Last but not least, the CFTC has simplified the part of the job CCOs dread the most: regulatory reporting. CCOs have to prepare and file annual reports with the CFTC and the SEC. The more a CCO has to explain, the more time it will take to write the annual report. The CFTC has proposed to remove the need for CCOs to identify and assess the policies and procedures for each applicable CFTC requirement. Instead, CCOs registered with the CFTC would, like their peers registered with the SEC, only have to provide summaries of the policies and procedures established along with recommended improvements.

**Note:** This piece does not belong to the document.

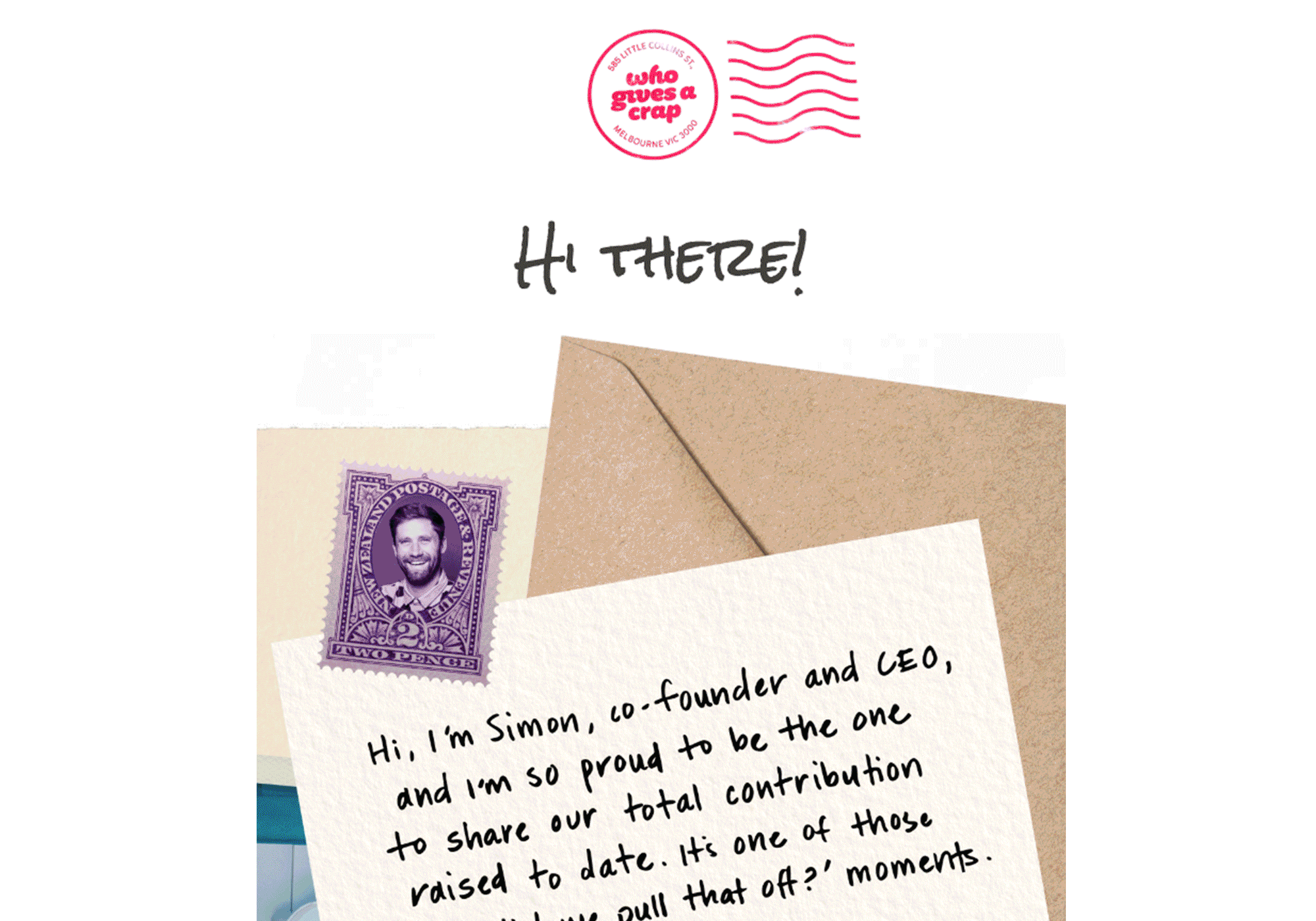 The magic of this email lies in how it contains both Who Gives A Crap’s signature tone as well as incredible, tangible results. Throughout, they reel off figures like 845,408 lives impacted and £9,825,422 raised, proving they can keep it fun because they’re genuinely doing good – and making the charm of a CTA like “Holy cow! Tell me more.” feel completely justified. The hand-scribbled fonts, postage stamps, and heartfelt letter from co-founder Simon instantly create a sense of warmth and gratitude. We also loved the way this email shines a spotlight on their charity partners, giving a face to the projects supported and showing exactly where the money is going.

Also keeping in line with the SEC’s rules, the CFTC has proposed that the annual report completed by CCOs under its jurisdiction be sent to the firm’s audit committee, board of directors and senior officer before being sent to the CFTC. The reason? The CFTC shares the SEC’s view that furnishing the annual report to extra individuals ensures that all parties with overall responsibility for corporate governance and internal controls remain informed of the CFTC registrant’s compliance program.
Although the CFTC’s amendments aren’t expected to generate any opposition from industry players who lobbied the regulatory agency for change, one question remains. That is whether the definition of senior officer is the right one for reporting purposes.
Nihal Patel, an attorney with the law firm of Cadwalader, Wickersham & Taft in New York, suggests that the CFTC’s interpretation of the phrase “senior officer” be flexible. “In particular, consider a large and/or global bank that is registered as a swap dealer,” he says. “Is it correct that the CCO should report to the most senior person of the entire bank rather than the most senior person of the FCM,swap dealer or MSP business, particularly when such activities may be a relatively small part of the business of the legal entity.” As Patel notes, other language in the CFTC’s proposal also make it clear that the actual responsibilities of the CCO under its jurisdiction relate to complying with the rules of the FCM, swap dealer and MSP businesses of the firm and not all of the bank’s business lines.